Reproduce only the lines below from the line containing "Immunohistochemical analysis of" to the line containing "아마존 국경 2022", exactly as written, with both end lines kept. Omit the pictures.

**DATA FOR THE TASK**
= Beginning of Section =

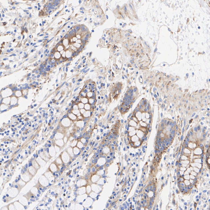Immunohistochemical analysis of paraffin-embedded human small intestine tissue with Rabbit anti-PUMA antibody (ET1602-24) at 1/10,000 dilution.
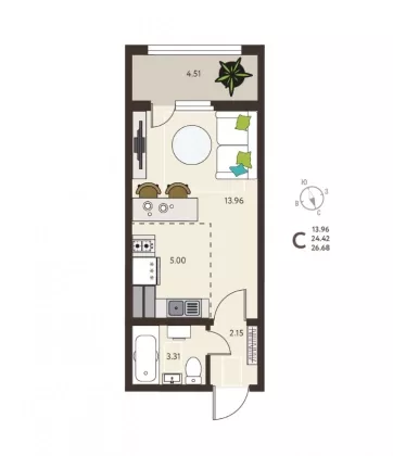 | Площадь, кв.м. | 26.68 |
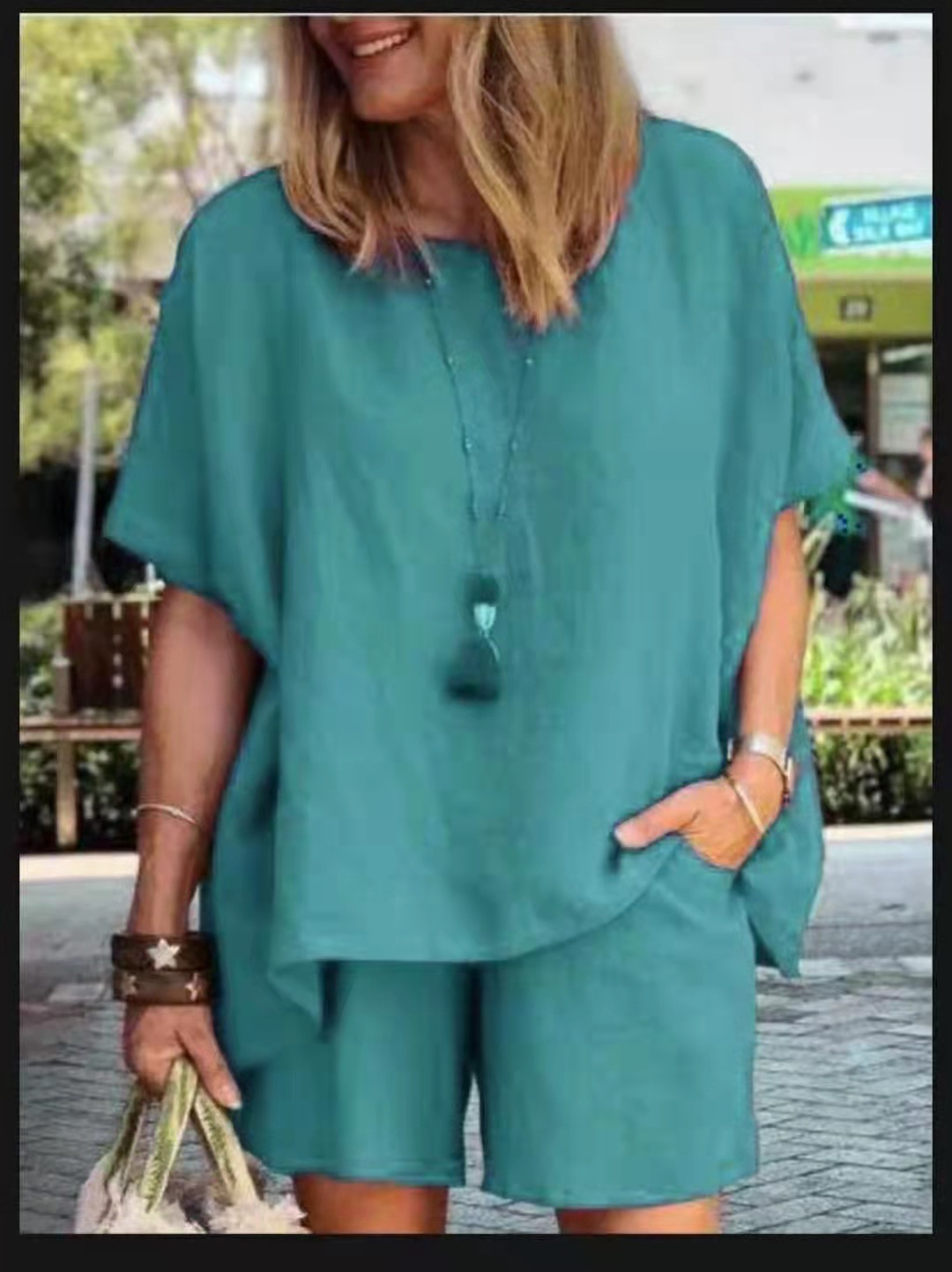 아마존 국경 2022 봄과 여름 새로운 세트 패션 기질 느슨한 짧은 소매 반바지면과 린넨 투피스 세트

= End of Section =
= Beginning of Section =

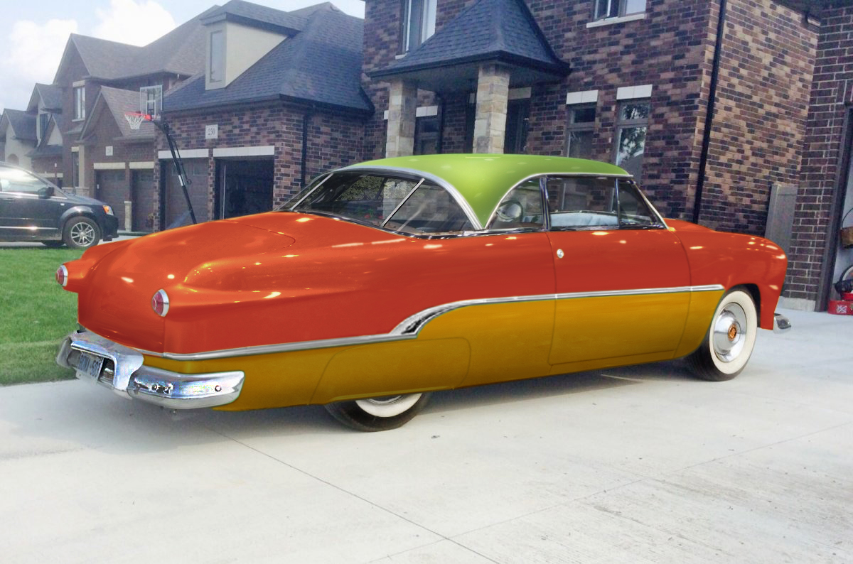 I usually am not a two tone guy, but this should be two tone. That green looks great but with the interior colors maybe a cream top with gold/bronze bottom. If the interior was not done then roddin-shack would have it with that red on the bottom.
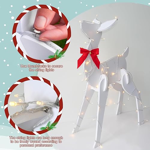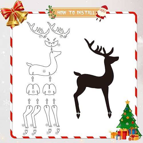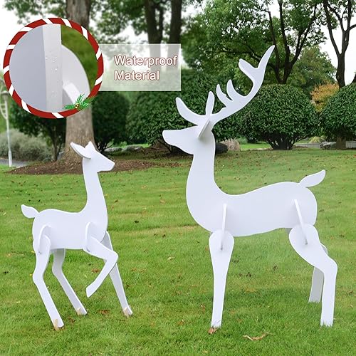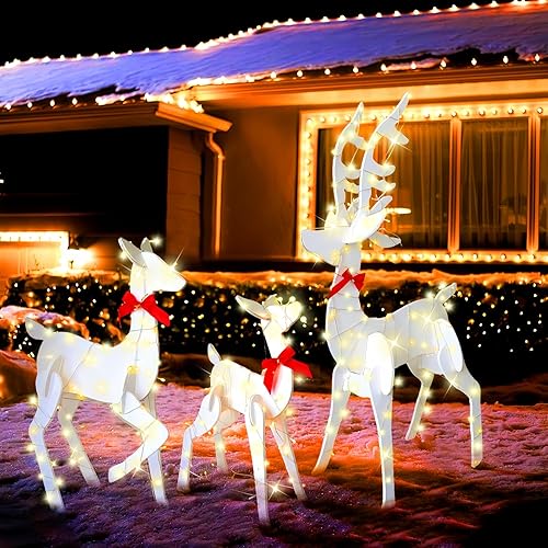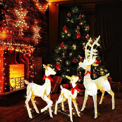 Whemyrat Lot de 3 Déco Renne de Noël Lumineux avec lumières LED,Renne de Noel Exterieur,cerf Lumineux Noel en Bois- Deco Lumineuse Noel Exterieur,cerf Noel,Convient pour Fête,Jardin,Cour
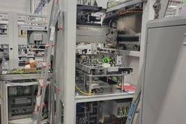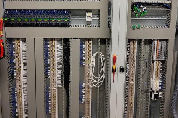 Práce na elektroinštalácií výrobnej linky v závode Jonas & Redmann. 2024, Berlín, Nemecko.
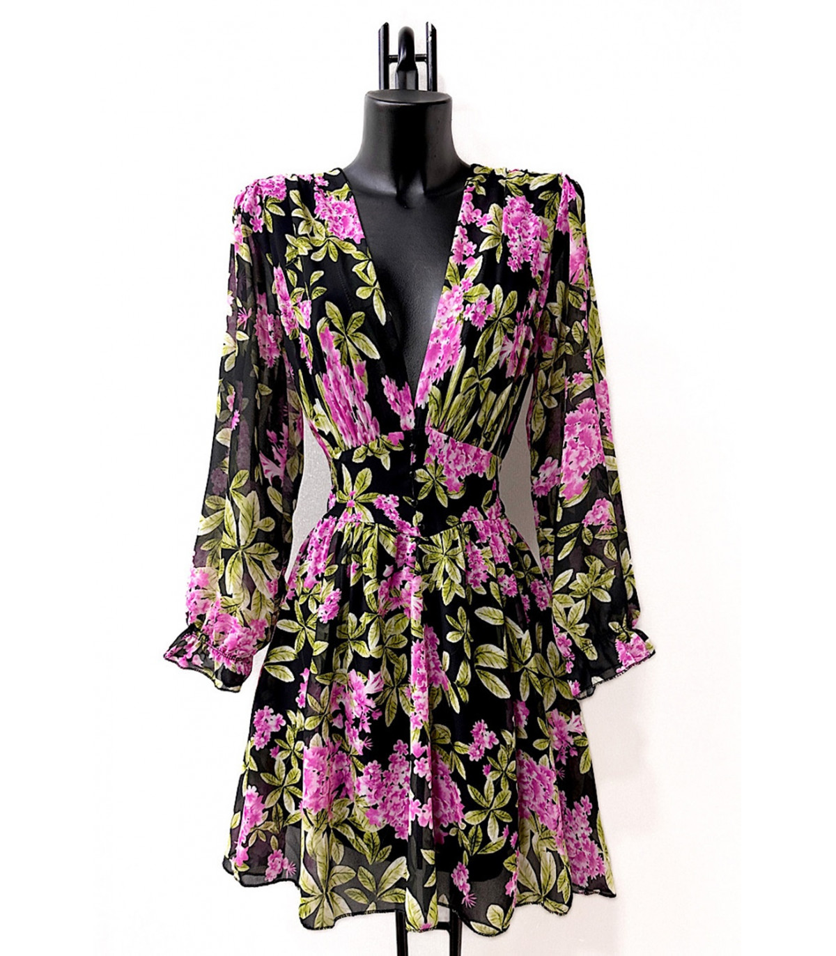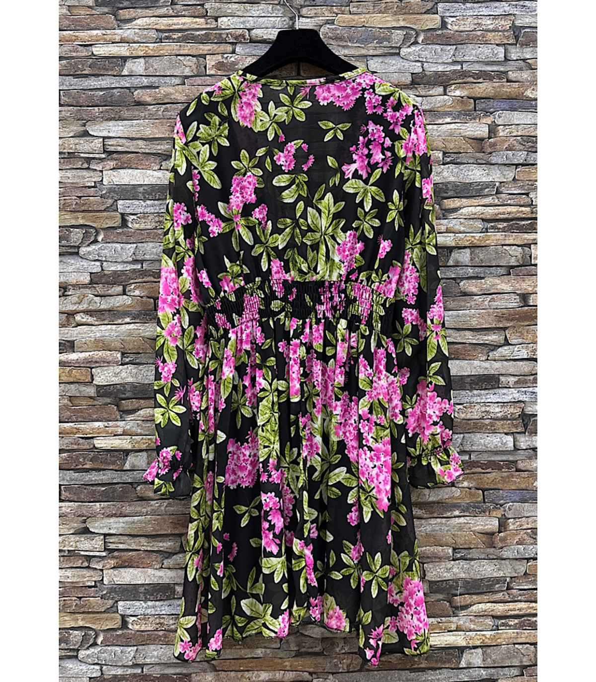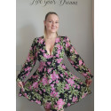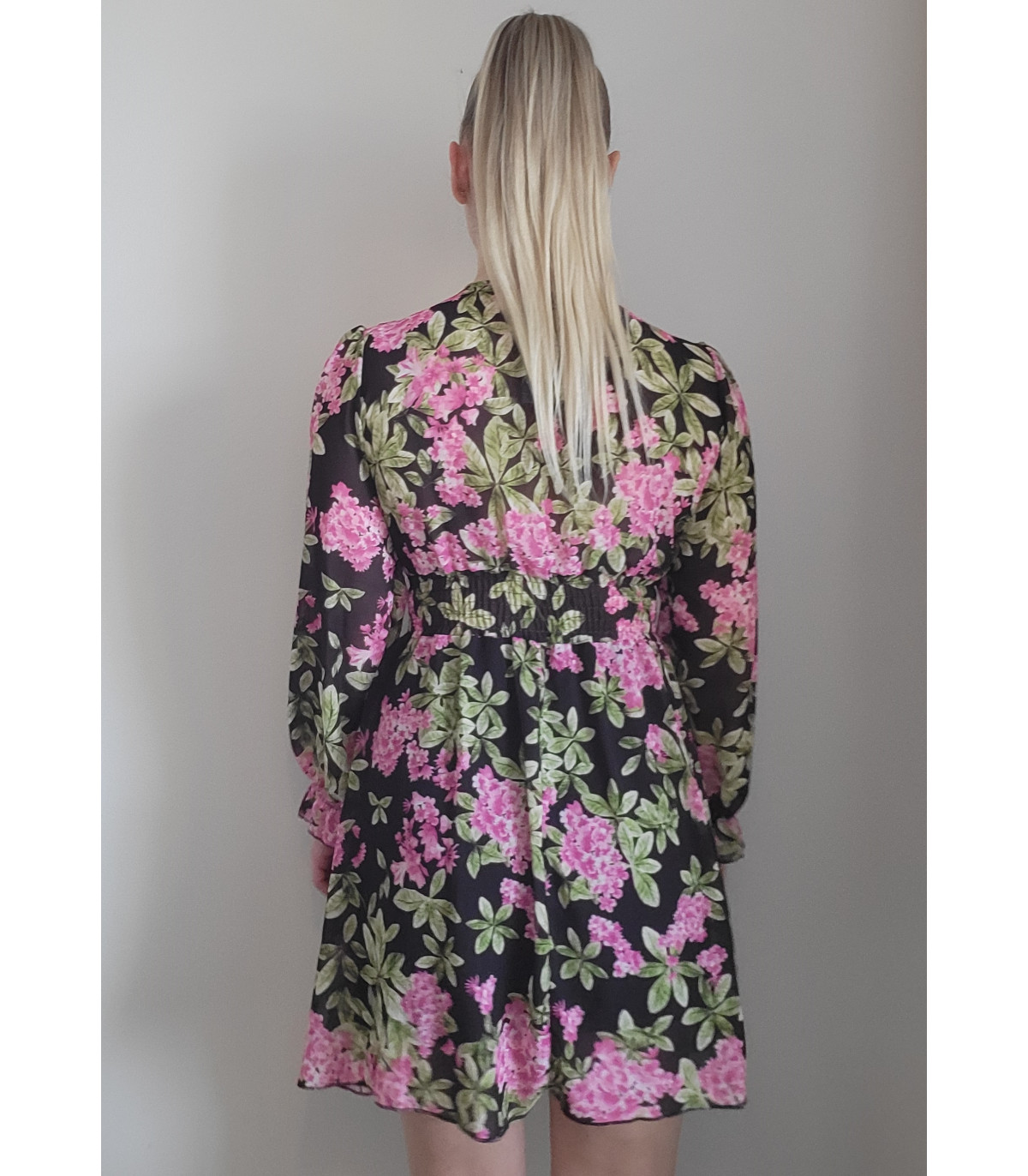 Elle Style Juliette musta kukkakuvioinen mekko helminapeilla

= End of Section =
= Beginning of Section =

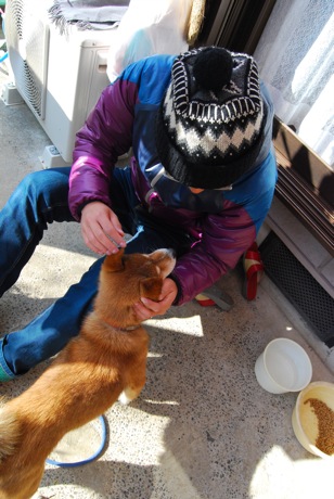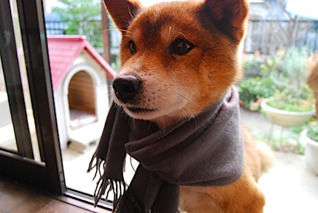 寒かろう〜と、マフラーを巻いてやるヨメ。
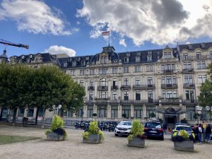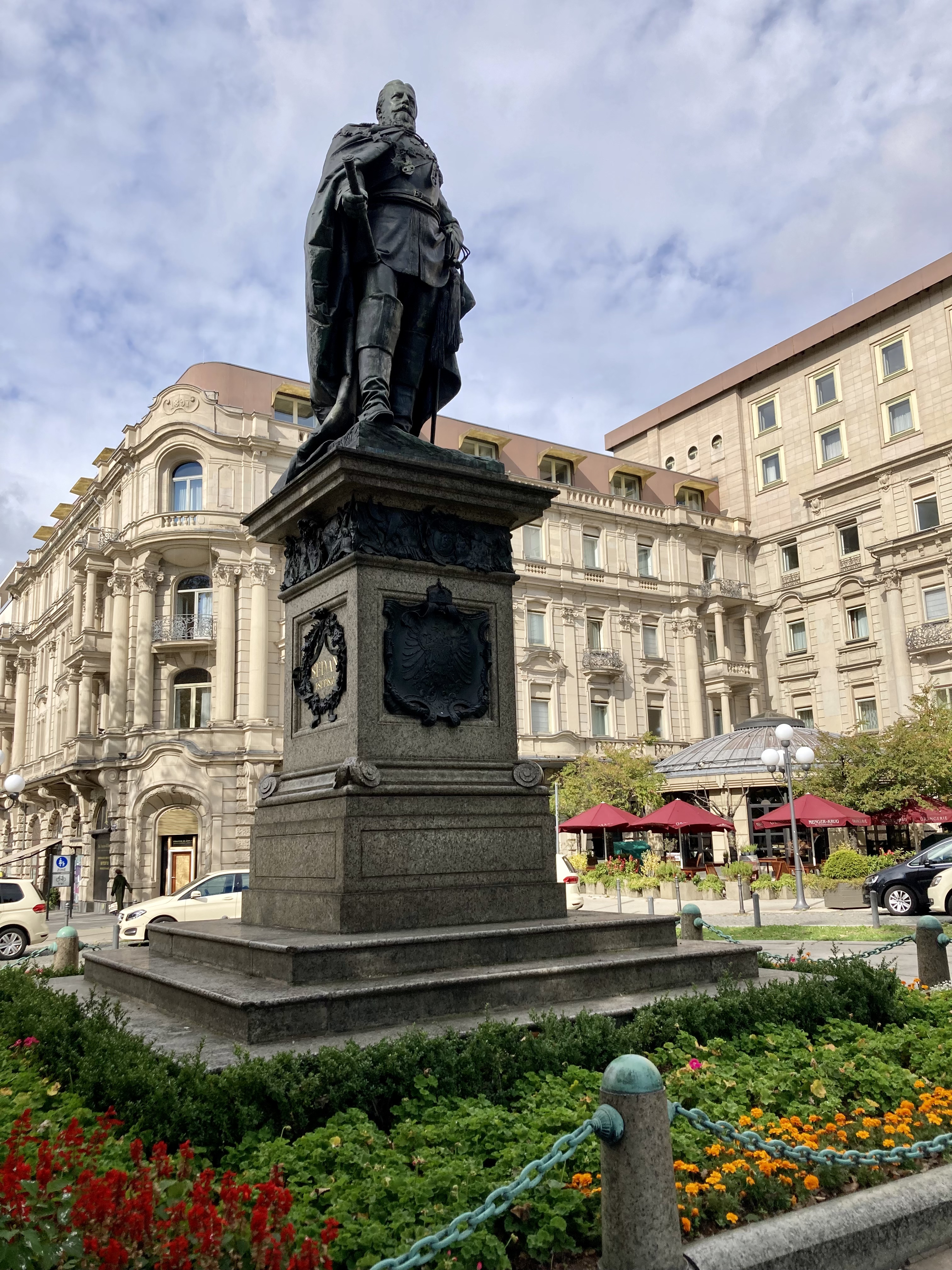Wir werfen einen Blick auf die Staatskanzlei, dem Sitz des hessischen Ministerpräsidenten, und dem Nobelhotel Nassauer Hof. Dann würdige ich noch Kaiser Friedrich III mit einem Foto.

= End of Section =

**TASK ANSWER**
Immunohistochemical analysis of paraffin-embedded human small intestine tissue with Rabbit anti-PUMA antibody (ET1602-24) at 1/10,000 dilution.
 | Площадь, кв.м. | 26.68 |
 아마존 국경 2022 봄과 여름 새로운 세트 패션 기질 느슨한 짧은 소매 반바지면과 린넨 투피스 세트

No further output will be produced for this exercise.